Penurunan dan naiknya tinggi air, ujar Dwi, bisa disesuaikan dengan tanaman yang akan ditanam oleh masyarakat. Misalnya jagung, berapa penurunan dan naiknya air yang pas untuk tanaman itu.
Setiap wilayah tentu berbeda-beda tergantung land scapenya. Saat restorasi fungsi hidrologi juga harus diperhatikan, mengembalikan ke fungsi awal adalah cara yang paling benar.
Mengenai rencana restorasi ini, Badan Restorasi Gambut (BRG) merancang dialog bersama kalangan pengusaha untuk mendukung program tersebut. "Kami merancang format untuk berdialog dengan pengusaha-pengusaha karena belum terlaksana. Dalam waktu dekat akan difasilitasi oleh Kantor Kepresidenan," ujar Kepala BRG Nazir Foead.
Ditrangkan Nazir, BRG beberapa kali juga melakukan pembahasan dengan lembaga-lembaga donor yang memiliki kepentingan besar untuk restorasi gambut di Indonesia. BRG juga ingin mendengar masukan dari kalangan pengusaha, apakah mereka mempunyai contoh kerja dalam restorasi gambut.

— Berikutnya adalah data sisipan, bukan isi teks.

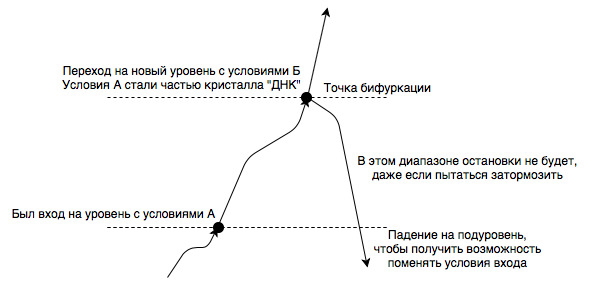 если система вошла на новый уровень Сознания с параметрами, которые не позволили этот уровень превзойти, она распадётся на подсистемы более низкого уровня, давая возможность случайным событиям пересобрать условия входа в новую, более удачную конфигурацию.

Sebelumnya Asia Pacific Resources International Holdings Ltd (APRIL) mengatakan siap bekerja sama dengan pemerintah melalui BRG. Indonesia Operations Managing Director APRIL Tony Wenas mengaku sudah membuat program Restorasi Ekosistem Riau (RER) di Semenanjung Kampar sejak empat tahun lalu.
Cakupan wilayah pengelolaan RER terus ditingkatkan dari awalnya 20 ribu hektare (ha) menjadi 150 ribu ha saat ini. "Langkah tersebut merupakan upaya kami untuk melestarikan gambut di Semenanjung Kampar sekaligus implementasi komitmen 1:1 (satu banding satu) dalam Sustainable Forest Management Policy (SFMP) 2.0," ujarnya.